I had the sudden sense that there were eyes on me. 'Lucas?' I said, more to puncture the silence than expecting an answer. I knew I was the only person in the house who wasn't in the drawing room. My skin prickled. The sound of my voice played in my ear. I took a breath and forced myself to stand still for a minute and look into the unlit corners away from the lamps and up above my head to the landings. I half expected to see someone there, leaning over the banisters watching me. There was nothing. And yet there was. It seemed to me that there was something lurking, something that was not benevolent. With a sudden swell, the darkness seemed to gather around me. A rushing started in my ears, as if the walls themselves were whispering. I couldn't stand it any longer. I yanked the drawing-room door open and threw myself back into the blaze of light and sound.

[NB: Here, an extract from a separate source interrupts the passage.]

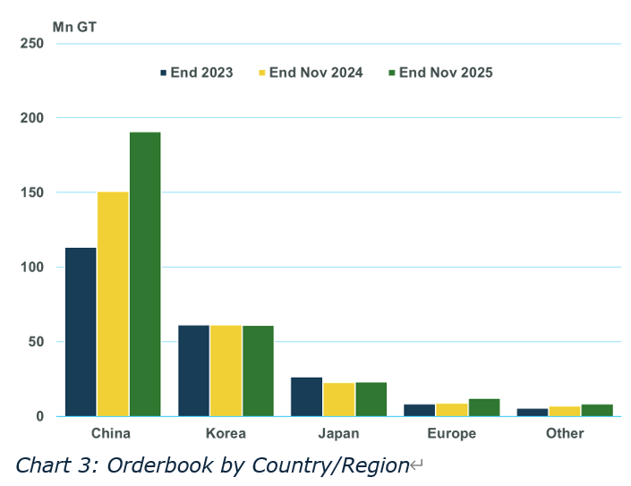 However, it will be developments in China that will determine the future of course of newbuilding prices. As Chart 3 shows, the orderbook in China has reached around 190 Mn GT, rising by more than two-thirds in two years. In contrast, all other regions are remarkably stable, particularly Korea, where the orderbook has flatlined at 60 Mn GT.

'All right?' Lucas was standing just inside.
'Just wheezing a bit. I've had some Ventolin.' I smiled. My fear felt irrational and ridiculous now.
'Good.' He handed me my glass. 'We've finished the champagne I brought up. I'll go and get some more so we're ready for midnight. Back in a minute.'
I sat down on the edge of the fireguard, glad to have the heat on my back. The chill was still on my skin. Michael came to sit next to me and we watched the dancing, Danny with Martha, Greg with Rachel. Rachel stood on tiptoe to whisper something in Greg's ear; he laughed and bent his head to kiss her.